The aim is to create an intentional decolonial safer space where we can develop an understanding of what communal healing could look like in a society that is partially still being shaped by  colonial mechanisms. The history and reality of different people who were forced to migrate still exist in systems today, in which people are being marginalized, oppressed and excluded.
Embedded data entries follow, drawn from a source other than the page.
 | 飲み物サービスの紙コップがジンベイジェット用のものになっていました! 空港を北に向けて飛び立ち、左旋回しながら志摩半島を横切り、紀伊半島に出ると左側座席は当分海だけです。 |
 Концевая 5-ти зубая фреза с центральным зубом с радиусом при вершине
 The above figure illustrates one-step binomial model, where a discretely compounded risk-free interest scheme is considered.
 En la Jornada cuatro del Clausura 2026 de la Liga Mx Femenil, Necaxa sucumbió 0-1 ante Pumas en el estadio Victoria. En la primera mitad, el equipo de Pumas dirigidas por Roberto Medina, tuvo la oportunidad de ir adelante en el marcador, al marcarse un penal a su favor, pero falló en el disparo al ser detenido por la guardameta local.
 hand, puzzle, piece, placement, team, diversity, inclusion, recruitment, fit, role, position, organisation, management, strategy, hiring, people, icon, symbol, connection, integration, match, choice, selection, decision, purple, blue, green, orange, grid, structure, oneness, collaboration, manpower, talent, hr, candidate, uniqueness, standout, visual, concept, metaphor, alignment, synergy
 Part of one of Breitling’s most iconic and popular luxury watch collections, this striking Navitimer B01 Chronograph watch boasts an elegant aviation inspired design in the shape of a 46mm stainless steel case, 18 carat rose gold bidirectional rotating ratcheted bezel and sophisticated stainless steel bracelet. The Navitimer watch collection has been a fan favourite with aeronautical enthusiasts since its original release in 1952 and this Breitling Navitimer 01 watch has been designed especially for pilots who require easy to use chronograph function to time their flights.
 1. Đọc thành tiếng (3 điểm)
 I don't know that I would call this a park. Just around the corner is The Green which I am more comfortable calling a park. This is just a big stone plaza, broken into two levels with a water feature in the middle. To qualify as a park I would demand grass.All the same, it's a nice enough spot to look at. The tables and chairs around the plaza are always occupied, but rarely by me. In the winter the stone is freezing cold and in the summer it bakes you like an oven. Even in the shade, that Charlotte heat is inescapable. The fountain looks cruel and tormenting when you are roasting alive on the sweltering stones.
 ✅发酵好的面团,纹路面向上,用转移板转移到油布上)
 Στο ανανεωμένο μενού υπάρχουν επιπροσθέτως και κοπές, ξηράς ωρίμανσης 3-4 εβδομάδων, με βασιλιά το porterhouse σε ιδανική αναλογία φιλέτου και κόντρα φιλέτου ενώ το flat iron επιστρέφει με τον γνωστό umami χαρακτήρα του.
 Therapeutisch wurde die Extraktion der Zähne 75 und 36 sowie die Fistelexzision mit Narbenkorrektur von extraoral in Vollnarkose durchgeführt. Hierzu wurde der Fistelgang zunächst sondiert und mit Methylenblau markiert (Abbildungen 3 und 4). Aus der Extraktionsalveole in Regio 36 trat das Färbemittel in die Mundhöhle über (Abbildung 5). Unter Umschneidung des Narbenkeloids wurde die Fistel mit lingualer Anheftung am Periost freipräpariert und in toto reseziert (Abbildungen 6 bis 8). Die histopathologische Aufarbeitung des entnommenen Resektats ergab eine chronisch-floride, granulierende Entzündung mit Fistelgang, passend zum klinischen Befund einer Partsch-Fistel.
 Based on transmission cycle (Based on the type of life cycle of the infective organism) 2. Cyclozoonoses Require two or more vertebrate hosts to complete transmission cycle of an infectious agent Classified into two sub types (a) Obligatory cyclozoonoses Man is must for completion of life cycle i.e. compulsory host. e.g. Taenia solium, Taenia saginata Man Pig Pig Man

You will be prepared with exercises that are inspired by Butoh, Body Weather, Gnawa and Zar, bringing us to bodies that do not exist anymore, the soul inside of us, towards the politicized body in which we exist. We explore how our bodies relate, and how the transcendental exists within the presence of a group. We will work on a consciousness of how to get into this state and find your own path towards controlling or letting go. 

This workshop will center Queer, Trans, Black/Brown, People of Color, but is open to anyone mindful of the experiences of QTBPOC being centered. No prior experience is required, but it is in your own advantage if you identify yourself with the fight for decolonization.
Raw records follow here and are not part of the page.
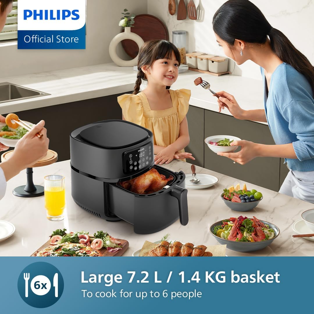 - XXL CAPACITY: With a 7.2L pan and 1.4kg basket, cook everything from chips and chicken drumsticks to cakes and grilled veggies – 7 preset cooking programs with touchscreen display. Make up to 6 meal portions in one go for your family and friends.
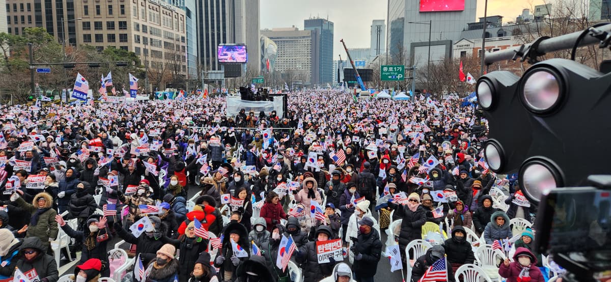 The crowds packing the ten-lane avenue from City Hall to the historic South Gate shouted, in Korean, “Stop the steal” and “no impeachment,” in response to the screamed imprecations and prayers of orators on a huge platform from which megaloud speakers spread their voices across the heart of the South Korean capital.
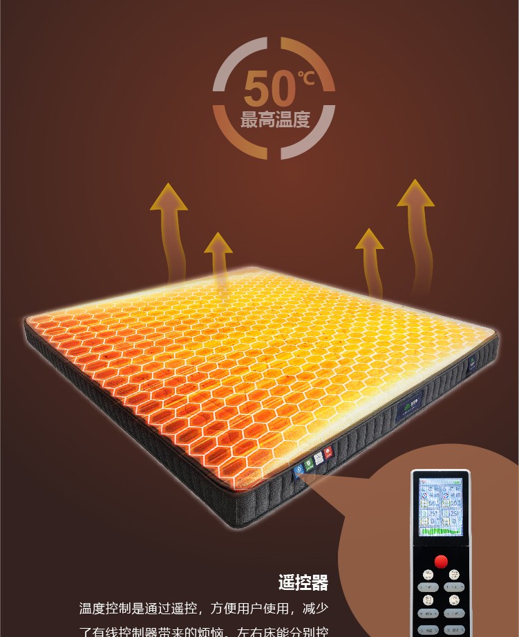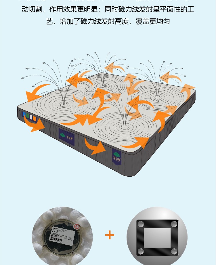 描述:床垫采用旋磁发射器、恒定能量磁场层、石墨烯发热层、负离子释放层、高密度棉等多层复合材料结构,床垫左右分区,可自由在旋磁和静磁方面调节。石墨烯电离子快速加热至人体舒适温度38°C。温软好床垫、不仅睡得舒适,还能发射磁及远红外负离子、让你在睡眠中被动养生,尽情享受好睡眠。
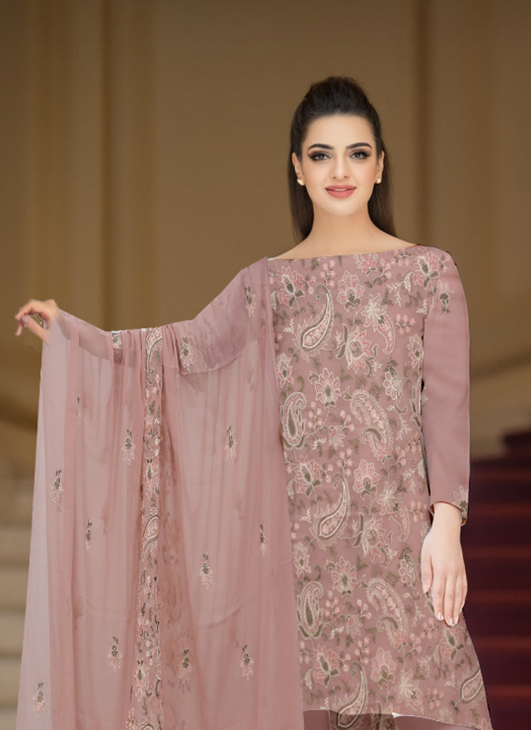 PEACHISH PINK & MEHNDI GREEN Chiffon Embroidered 3Pc Suit (Unstitched)
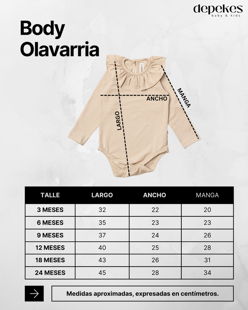 El Body Olavarría es una prenda pensada para vestir a los más chiquitos con dulzura y estilo sin dejar de lado la comodidad. Su tono neutro y suave lo convierte en un básico elegante, fácil de combinar y perfecto para usar solo o debajo de otras prendas.
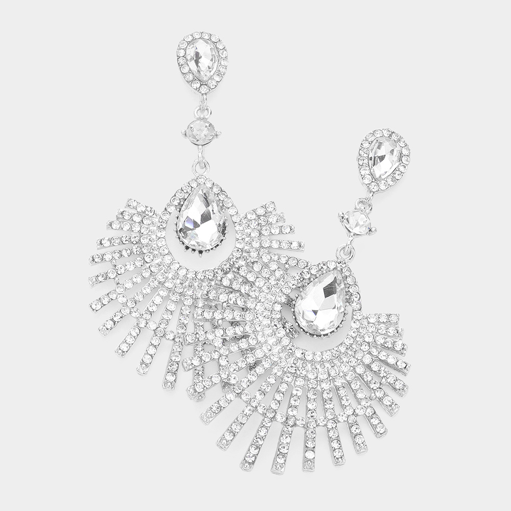 Teardrop Fan Crystal Rhinestone Evening Earrings
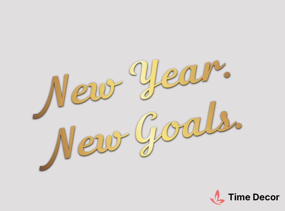 Пластиковий напис "New Year. New Goals." – дзеркальний або матовий пластик, можливе виготовлення з клейкою зворотною поверхнею для легкого монтажу.
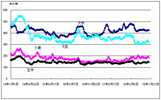国际大宗农产品周均价格走势图(2014年1月至今)
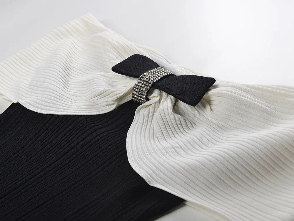 TRUDA BLACK KNIT BOW OFF-SHOULDER MIDI DRESS
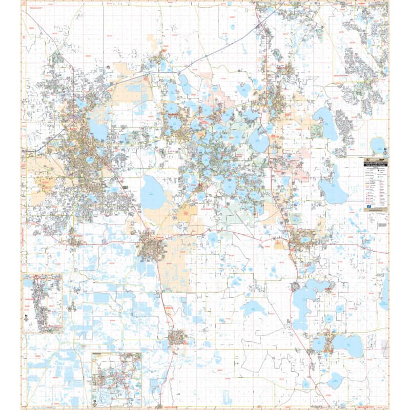 Introducing the Polk County, Lakeland, and Winter Haven, FL Wall Map, offering comprehensive street detail with a scale of 1:41,440 or 1″=3,453″. This map covers the vibrant locales of Lakeland and Winter Haven within Polk County, and its boundaries encompass:

Before the workshop you are requested to conduct short homework assignments in order to collect writings through which you meditate on the relationship with your ancestors, and to collect elements for your personal altar. You will receive this information by mail after registration.

Tickets

Buy your ticket via the Eventbrite page of Gathering Earthseed.

Tickets are fully sold out. Thank you for your interest!

Tickets*:
€15 for full day program including dinner
€7,50 student rate

* We offer community tickets for visitors who do not have the financial means to visit W139’s exhibitions or context programming. If you want to join Gathering Earthseed but do not have the means, please contact us at info@w139.nl.
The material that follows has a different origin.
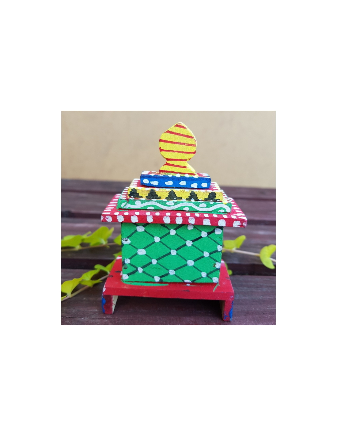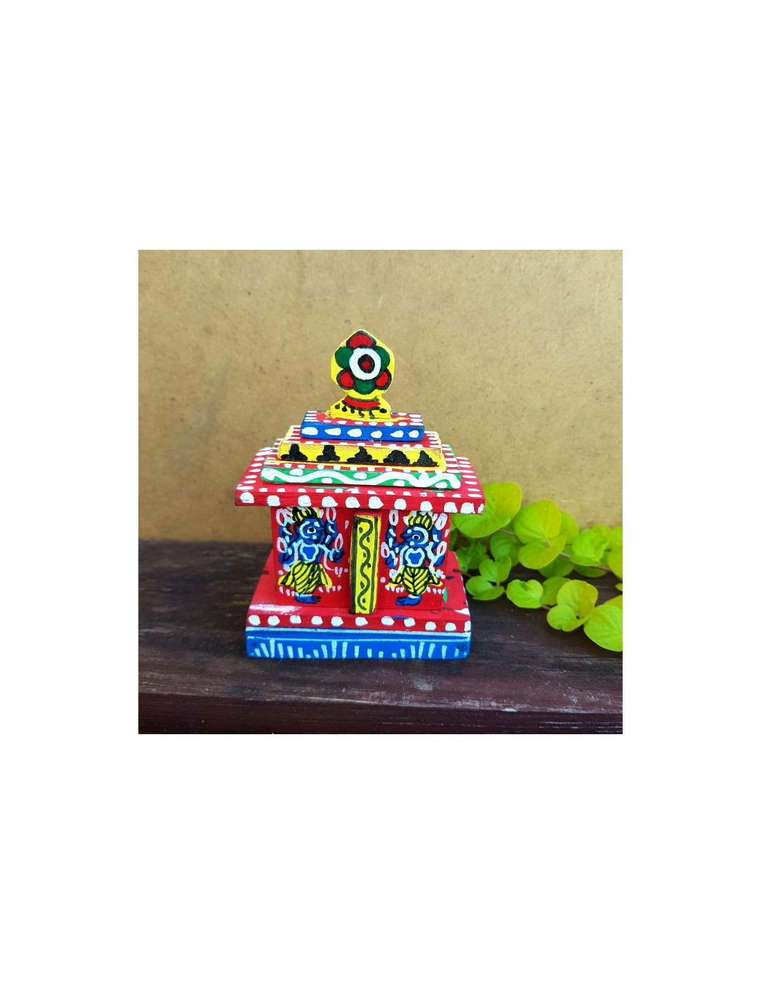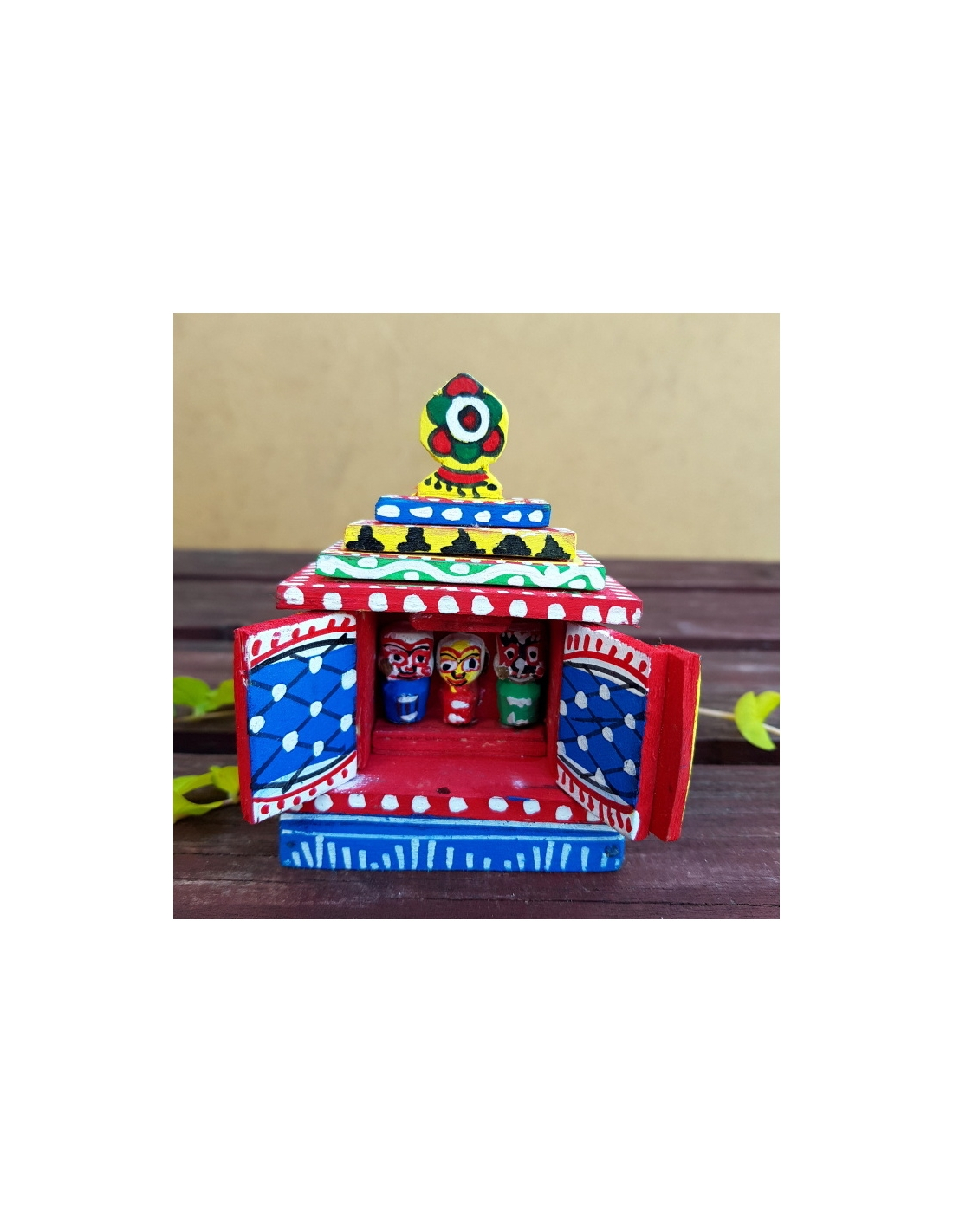 Ručně malovaný a vyráběný oltář s božstvy Jagannátha, umělecké dílo.

* The ticket gives you access to the full day of activities. If you are unable to join for the entire programme, feel free to only attend the parts where you are available.

About the participants

Marly Pierre-Louis is a writer and community cultivator based in Amsterdam. Her work explores the inner worlds and survival strategies of Black women while her social practice seeks to conjure spaces of healing and radical possibility.  In 2023 Marly received her MFA from Sandberg Institute, Amsterdam. She is the co-founder of Amsterdam Black Women collective — a community of diasporic Black women chasing their dreams through Europe and co/curator of the WILD; a series of pop-up bookstores and art experiences inspired by the tradition of Black fugitivity. She’s a first generation Haitian-American, a big sister, a mother, and a Taurus through and through.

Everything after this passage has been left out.